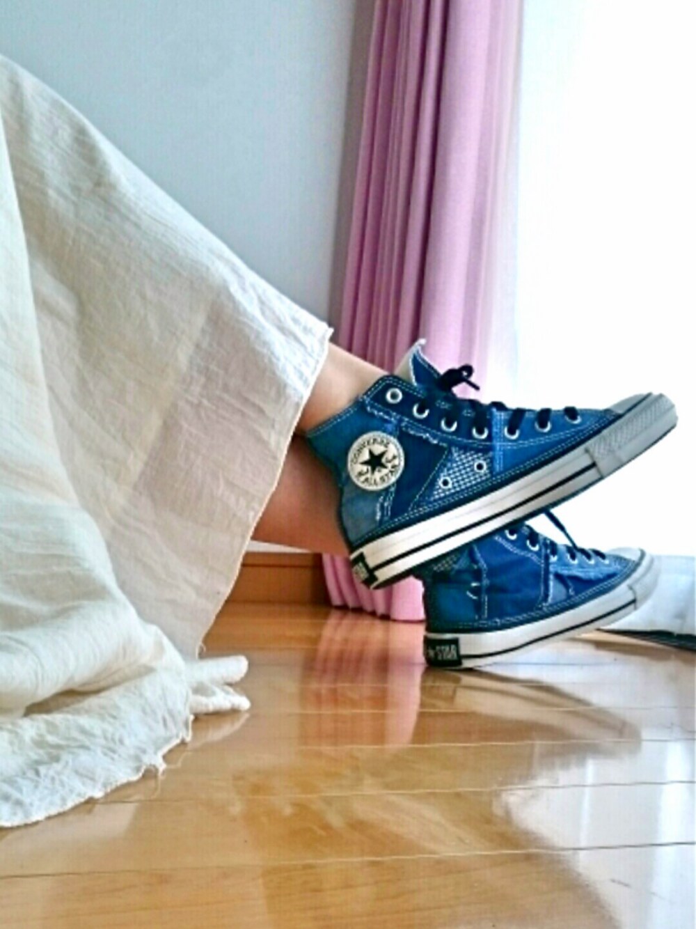 hito のスニーカー「converse コンバース AS CLASHPATCHED HI オールスター クラッシュパッチド ハイ 32664896 INDIGO」を使ったコーディネート
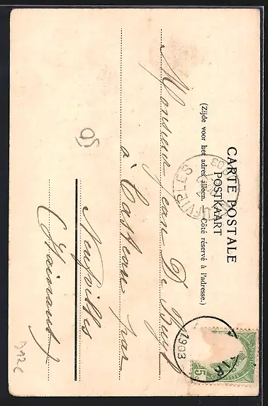 alte Ansichtskarte, gelaufen 1903, Abriebspuren oben li., guter Zustand
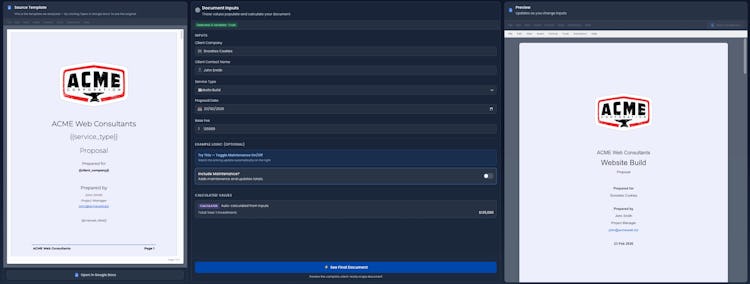 The platform integrates directly with Google Docs and requires no migration from existing workflows or adoption of proprietary editing tools. The system applies rules to the original template format and preserves full ownership and editing control of assembled documents. Multiple team members can assemble scope documents using a common rule set to ensure consistency in pricing logic, structural formatting and project assumptions across personnel. Email support is available for setup assistance and ongoing operational inquiries.
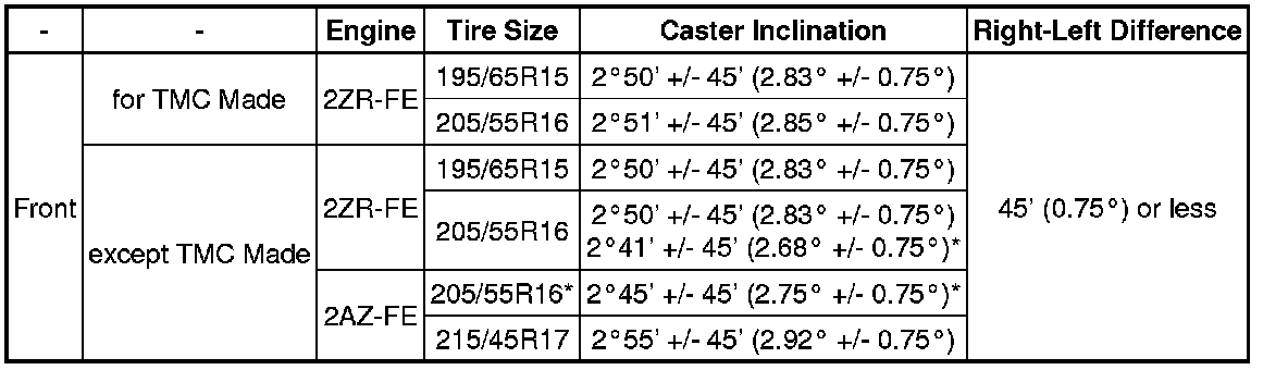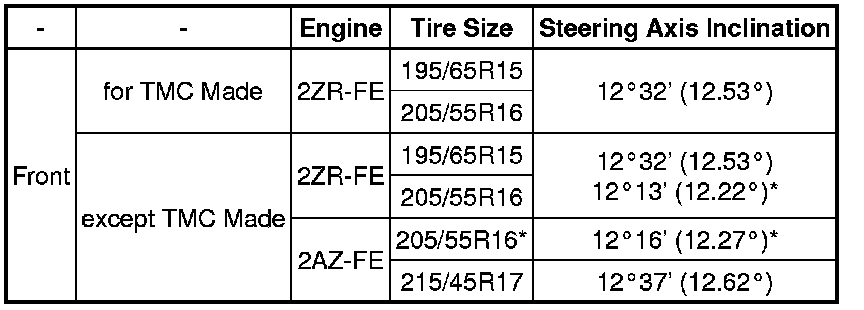 Steering Axis Inclination (Unloaded Vehicle)

_What is needed_. Only the lines from the top of the material above down to the line bearing "alte Ansichtskarte, gelaufen", that line included, should be set down exactly; no pictures.

_Completed task_.
 hito のスニーカー「converse コンバース AS CLASHPATCHED HI オールスター クラッシュパッチド ハイ 32664896 INDIGO」を使ったコーディネート
 alte Ansichtskarte, gelaufen 1903, Abriebspuren oben li., guter Zustand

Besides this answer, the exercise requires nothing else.